Among the existing classes of ML methods, *Deep Learning* (DL) is the one that can benefit most from the edge computing paradigm. Indeed, DL is a supervised learning strategy that requires a huge amount of heterogeneous data and high computational power to work properly. It reached large popularity due to its ability to train feed-forward Deep Neural Networks (DNNs) which have proven very efficient for end-toend classification of unstructured data, like images, audio, and text. Convolutional Neural Networks (ConvNets), in particular, achieved breakthroughs in several domains. Computer vision, speech recognition, and natural language processing are practical examples where ConvNets exceeded human-level accuracy. Within such domains, to enable inference on the edge means to deploy ConvNets on mobile devices.
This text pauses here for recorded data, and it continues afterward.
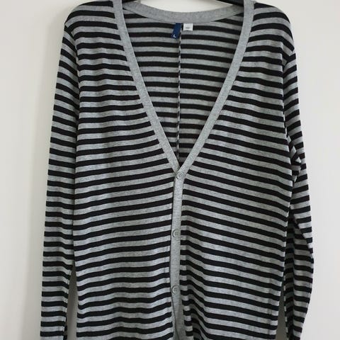 Vit och marinblå randig kofta med V-ringning och knäppning framtill.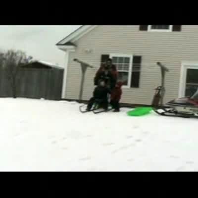 Man & young boy try to ride an old fashioned kick sled (which had blades on the bottom). Man flips over the front of the sled and lands on his son. Winter.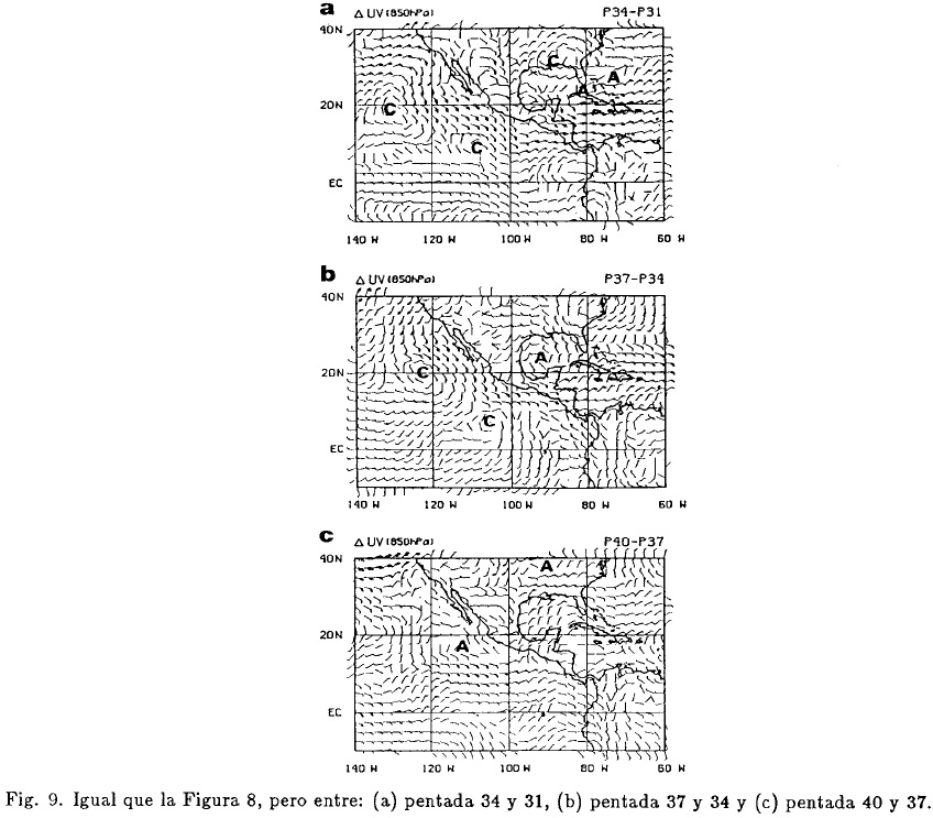 La anterior variación estacional norte/sur es acompañada por una variación en la intensidad de los vientos del este sobre el Pacífico oriental, en la región entre 5°y 15°N, en donde los vientos ecuatoriales del oeste se intensifican a finales de abril (Fig. 8a), cambio también visible en el flujo medio de l,000hPa. A mediados de mayo (Fig. 8b), un centro "C" cerca de 10°N y 105°W, sugiere una intensificación en la convección, en buen acuerdo con la Figura 3b que muestra los mayores incrementos negativos de RSOL sobre la misma zona. A finales de mayo y principios de junio (Fig. 8c), los vientos del oeste toman un giro ciclónico sobre América Central y el Caribe. Dos centros "C" se forman durante este periodo a lo largo de 20°N, estas celdas "C" están inmersas dentro de una zona de intensa convección (Fig. 3c) y por lo tanto son de origen convectivo. Cuando estas dos celdas se combinan, tienden a formar un gran centro de circulación ciclónica sobre el Pacífico oriental y centro/sur de México, con vientos ecuatoriales del oeste cerca de la superficie en su parte sur.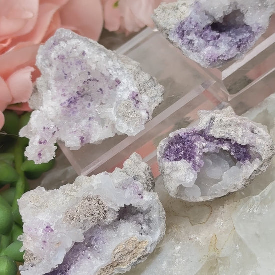 A beautiful new crystal find of 2021! Â These Blue Chalcedony and Purple Fluorite geode crystals have been named Spirit Flower Geodes. Â They come to us from San Benito, Chihuahua, Mexico. Â The purple and white Spirit Flower Geode has an adorable druzy chalcedony mixed with a more vibrant purple fluorite to give a soft and calming appearance. Â It is no wonder these are associated with the heart chakra and said to have calming energies... because I can totally see them as a stress reliever just getting lost in the sparkles of the druzy!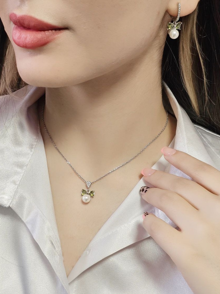 نیمست نقره جواهری دخترانه با سنگ رنگی و مروارید پرورشی

The shift towards the edge is not a free lunch, however. ConvNets are computationally expensive: even the simplest topology has millions of parameters to store and billions of multiply-and-accumulate operations to run for a single forward pass. Mobile devices, like smartphones, drones, vehicles, might not have enough resources to host this kind of workload. Hence, the challenge is to accelerate the processing in order to achieve real-time response with a limited budget of energy. There exist several strategies to accomplish this task that span the whole design hierarchy [3], from hardware [4], designing specialized accelerators, e.g. low-power spatial architectures with tightly coupled execution units, to software [5], leveraging algorithmic optimization to reduce the cardinality of the ConvNet still preserving accuracy. High efficiency can be achieved with holistic approaches where hardware and software are vertically co-designed. Unfortunately, this is not always possible as many applications are built upon off-theshelf components to ensure low design costs, fast prototyping, and short turnaround. The degrees of freedom are therefore limited and the efficiency of algorithmic optimization might be substantially affected.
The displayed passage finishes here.